My hope was to create something meaningful and relatable: a safe place where people feel understood, can be kinder to themselves, and are reminded that they are not alone. Grief touches every one of us at some point, so I believe these conversations and insights can benefit everyone.
What does compassionate communication look like when someone is facing a significant loss?
Compassionate communication begins with presence, empathy, and a willingness to meet someone where they are. When someone is facing a significant loss, they don't necessarily need us to have the perfect words or to take away their pain; they need to feel heard, seen, and supported. Often, the most meaningful thing we can do is acknowledge their loss, listen without judgement, and allow them the space to express whatever emotions arise.
It means moving away from phrases that unintentionally minimise someone's experience and instead offering simple, genuine reassurance, such as “I’m here for you” or “I’m thinking of you.” It also means understanding that grief can look different from day to day and respecting that everyone processes loss in their own way.
Compassionate communication is about creating safety. It is being comfortable with silence, asking what someone needs, and continuing to show up beyond the immediate aftermath of a loss. A kind conversation, rooted in empathy and patience, can remind someone that they do not have to navigate grief alone.
If there is one message you would like every grieving person to hear, what would it be?

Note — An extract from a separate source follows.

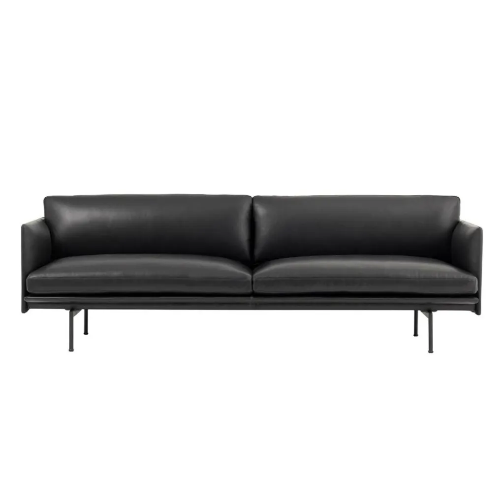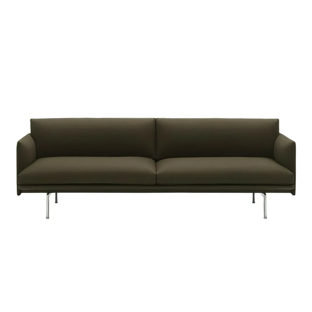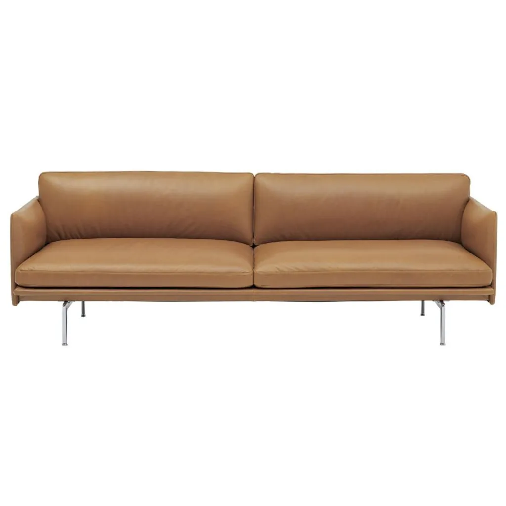 Das 220cm breite, 84cm und 69,5cm hohe Outline Sofa 3 Sitzer wirkt auf seinem schlanken Aluminiumgestell ausgeprägt elegant und beinah schwerelos. Der minimalistische Auftritt wird durch die Aufteilung des Polsters verstärkt, das durch eine mittige Naht in zwei optische Bereiche getrennt ist. Das Outline Sofa 3 Sitzer mit einer Sitzhöhe 40 cm lässt sich dadurch in viele Einrichtungen und Wohnstile harmonisch integrieren. Die Innenstruktur besteht aus Holz. Alle Elemente sich mit dem gleichen Stoff oder Leder überzogen. Es stehen unterschiedliche Farben zur Auswahl.

If there is one message I would want every grieving person to hear, it is this: you are not alone, and your experience is valid. Grief can feel incredibly isolating, especially when the emotions you are experiencing feel unexpected or difficult to explain. It is important to remember that there is no one single way to grieve and no two people will experience loss in the same way.
Grief can bring a complicated mix of emotions, including sadness, anger, guilt, confusion, and sometimes even relief. These feelings can be surprising and may leave people questioning themselves, but they are all part of the human response to loss. Every emotion is carrying information about your relationship, your experience, and your journey.
You do not need to compare your grief to anyone else’s or feel pressured to move through it in a certain time or way. Be patient and compassionate with yourself. Healing does not mean forgetting or leaving someone behind; it means learning to carry your love and your loss as you continue to live.